I’m bringing up memories of what I class as my Uncle Tom who was Park Keeper at Rushden Hall Park. He had a wife called Kate and later in life a son called David. He lived in the cottage which was the entrance to the main Hall Park on High Street South. The cottage was built into the wall and you had an entrance from High Street South where you used to step down into the cottage and opening entrance to go into the park.

The Gatehouse which stood next to the Coach and Horses.
The Gatehouse
The Gatehouse after The Coach & Horses
was demolished
The Gatehouse from inside the park

They lived there for many years and Tom used to do the parkkeeping and looking after the Hall Park although he wasn’t working sort of thing, he just used to do the walking around and the locking of the gates at night. He also used to lock the gates up in Jubilee Park where he used to go up and lock them up as well. He also, when the band concerts were used to be played in the Hall Park many years ago, we used to have deck chairs where they used to sit all the way round the bandstand and he used to go round collecting money which I think in those days was 2d for every deck chair you used to sit there, because many people used to sit there.

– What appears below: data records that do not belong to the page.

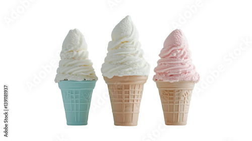 Delicious ice cream treats studio setting cutout background bright colors close-up summer vibes
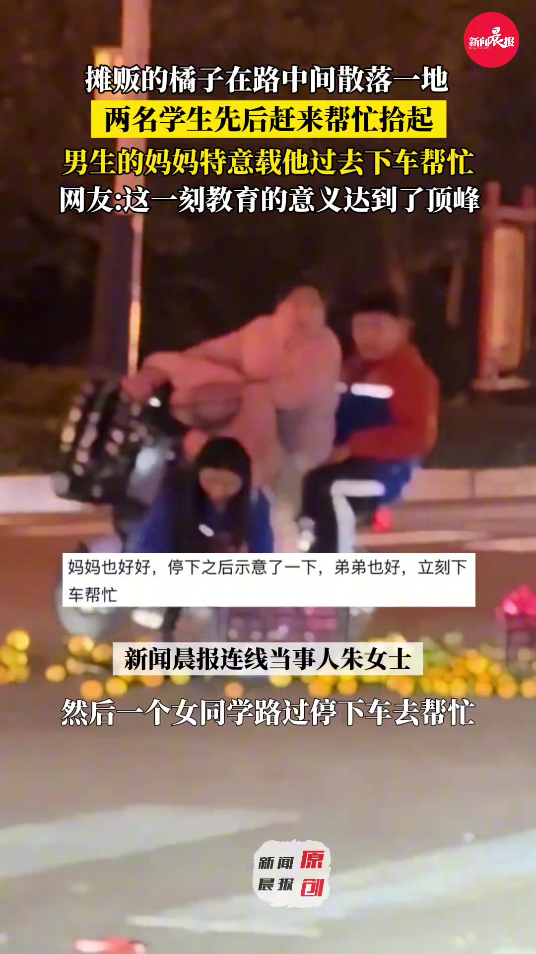 学生纷纷赶来帮摊贩拾起掉落的橘子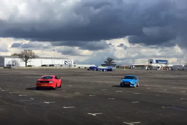 It’s difficult to tell what kind of Mustang it is we’re looking at, as the Focus RS driver is antsy to get on the Silverstone track, giving the gas pedal impatient stabs that result in the trademark muffler gurgle Ford worked into its hot hatch. Judging from how easily the Mustang moves around its line though, we’re going to guess it’s the 430 horsepower V8 at work in this video.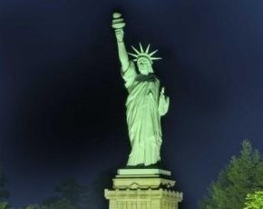 アメリカ・ニューヨーク市と同緯度で結ばれていることから、北緯40度40分の「4」の数字にこだわって、本家の4分の1の大きさで建てられました。高さは20.8メートル。東京のお台場にある自由の女神像の約1.7倍のサイズです。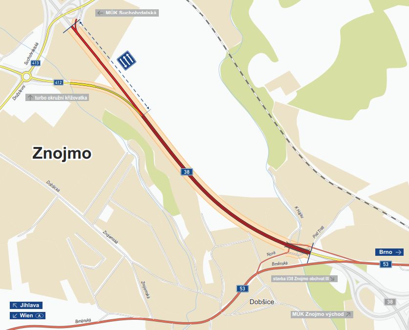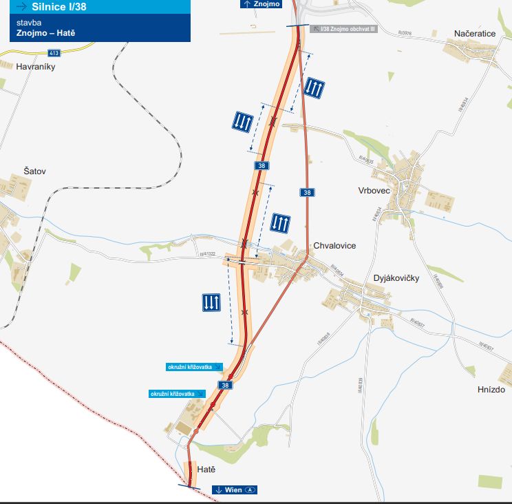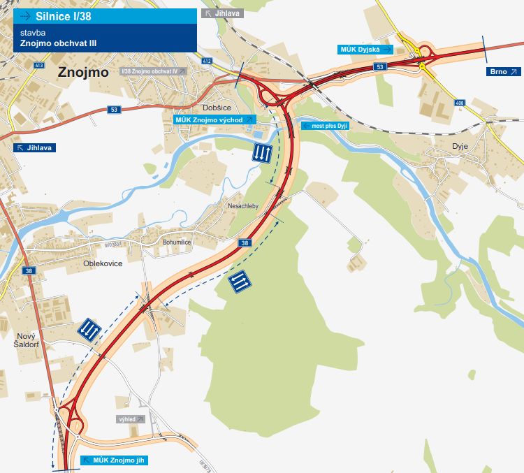 Do takzvaného zjišťovacího řízení poslalo ŘSD dokumentaci ke 3. a 4. stavbě východního obchvatu města a navazující silnice I/38 Znojmo – Hatě, která povede částečně mimo stávající trasu. Jde o celkem 11,4 kilometru nové silnice a necelé dva kilometry upravené silnice I/53.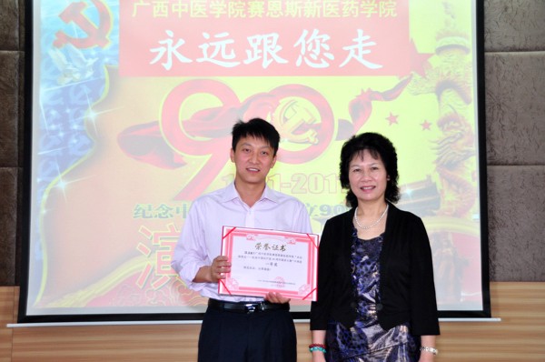 张海波作为此次演讲比赛的一等奖获得者将代表赛恩斯新医药学院参加广西高校庆祝中国共产党成立90周年演讲比赛。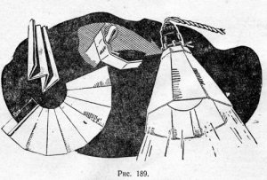 При съемках с искусственным освещением (электролампами и вакуумными фотовспышками) целесообразно применять рефлекторы-отражатели. Они значительно повышают эффективность искусственного освещения, защищают объектив и глаза фотографа от прямых лучей света. Образец складного портативного рефлектора из плотной бумаги приведен на рисунке 189. В петли на нижней части рефлектора продевается шнурок, который затягивается после надевания (при вывинченной лампе) прибора на электропатрон. Для прочности сгибы рефлектора можно оклеить тонкой тканью. Если материалом для рефлектора служила цветная бумага, то внутреннюю сторону его нужно оклеить белой бумагой или алюминиевой фольгой.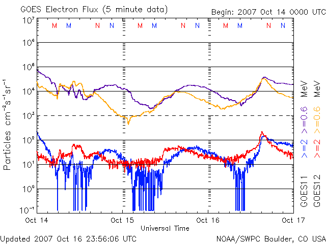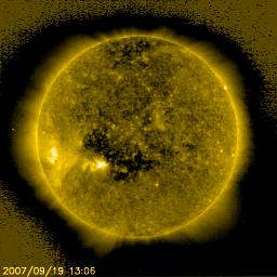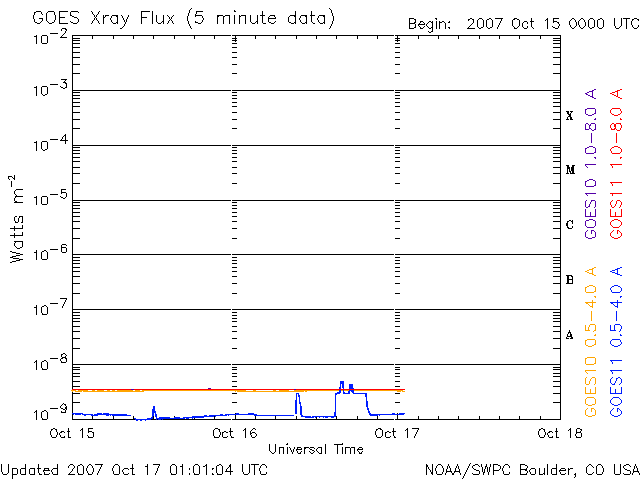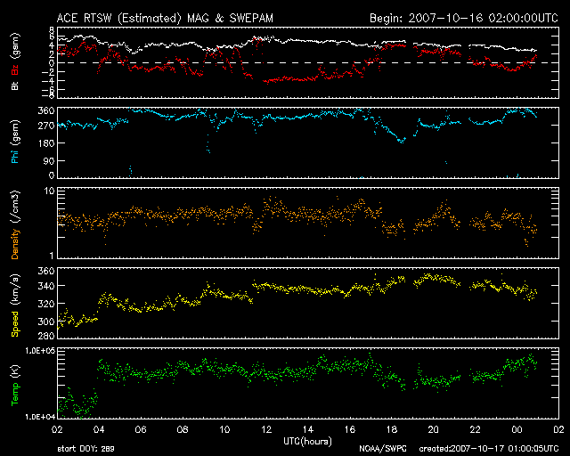 2007/10/17 10:01 更新 太陽風の速度は340km/秒と低速で、磁気圏も概ね静穏です。明日以降高速風がやってきます。 担当 篠原 太陽風は少し速度を上げて、340km/秒になっています。 低速であることに変わりはありません。 磁場強度は、4nT前後で推移しています。 南北成分を見ると、その強度いっぱいに南北にゆっくりと変化しています。 ACEの図の真ん中あたりで、南向きが数時間続くところがあり、 この時間帯に、AE指数で400nTくらいのオーロラ活動が発生しました。 速度が遅いので、変化は小規模でした。 その他はほとんど活動はなく、磁気圏は基本的に静穏です。 太陽風は、今日いっぱいは穏やかに過ぎて行くでしょう。 明日の後半か明後日くらいから、高速風がやって来ると予想しています。 SOHO EIT284の太陽写真を見てください。 最新と、27日前の写真を比較しています。 コロナホールはだいたい似た様な場所に広がっています。 ただ、明るい領域が コロナホールのまん中に入り込んできて、 コロナホールは全体的に淡くなったようにも見えます。 この変化が高速太陽風にどのような影響を与えるのでしょうか。 これからやってくる高速風は、 前周期は最高速度が700km/秒近くに達し、高速風は5日ほど続きました。 この規模が今後の太陽風擾乱の目安になります。 放射線帯の高エネルギー電子は、低いレベルで安定しています。 高速風がやってくると上昇する可能性がありますので、 高速風到来後は変化に注目してください。 太陽はとても静穏です。 無黒点が続いています。 SOHO衛星のEIT284カメラの映像 (c) SOHO (ESA & NASA)

Hall Park bandstand in the 1950s

The only thing physical work I think he did was when he used to do the bandstand. He never used to cut the grass or anything like that, he just used to, perhaps, put the deck chairs out. But I don’t think he was involved in the maintaining side of the park, I think he was only just employed as a Park Keeper.

We’re talking in the 1950s, ’52, ’53, up to 1962 when I left school sort of thing. I often used to take my auntie, who I lived with, down to see her because Kate’s brother was my auntie’s husband. And Kate had three sisters and one brother. One was Michael, one was Fred and one was like Kate, and we had one in Australia who I can’t remember her name.

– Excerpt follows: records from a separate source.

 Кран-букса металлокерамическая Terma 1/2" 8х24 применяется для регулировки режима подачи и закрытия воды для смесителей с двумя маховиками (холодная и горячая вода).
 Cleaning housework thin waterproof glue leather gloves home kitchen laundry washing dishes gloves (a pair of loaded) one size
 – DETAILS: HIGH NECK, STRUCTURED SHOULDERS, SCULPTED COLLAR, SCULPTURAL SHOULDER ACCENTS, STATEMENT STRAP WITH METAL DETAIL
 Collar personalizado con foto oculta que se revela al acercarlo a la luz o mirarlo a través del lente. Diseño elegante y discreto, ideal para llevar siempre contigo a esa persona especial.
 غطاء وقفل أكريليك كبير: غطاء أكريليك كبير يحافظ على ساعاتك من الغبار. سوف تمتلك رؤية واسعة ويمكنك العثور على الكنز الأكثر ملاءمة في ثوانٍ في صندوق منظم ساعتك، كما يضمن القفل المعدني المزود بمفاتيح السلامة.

Also at the park I used to have one of my uncles, because we were a big family of eleven, and we used to have greenhouses up the Hall Park where they used to make the flower beds for the War Memorial and all the other parts. And they used to make, well used to grow all the plants, but then that was my Uncle Bernard, Bernard Clark who lives down Spencer Road.

Oh, we used to play in the Hall Park in ‘50s and ‘60s. We used to play in the stream, what we classed as a stream. And if we used to see the Park Keeper come, Tom coming, we used to all scatter out, because he used to get on to us, shouting at us so. And that’s how we, but he was a very strict man. And he always wore a uniform what always had a Park Keeper’s, like a busman’s hat on. And he used to have the old Park Keeper’s sign over the top of it, and we always used to keep out of his way because we knew if he’d get on to us if we were into any trouble, climbing trees all that sort of thing.

After many years the cottage got demolished due to the roof leaking and they moved up to the main Hall where three flats had been made and he was in the first flat overlooking the Hall Park. And he stayed there for a few years until his wife, Kate, had a slight stroke and they moved off from Hall Park and moved to Trafford Road. And after Trafford Road he moved to Risdene where he later in life died. I’ve got no idea when he retired, I can’t remember that sort of date.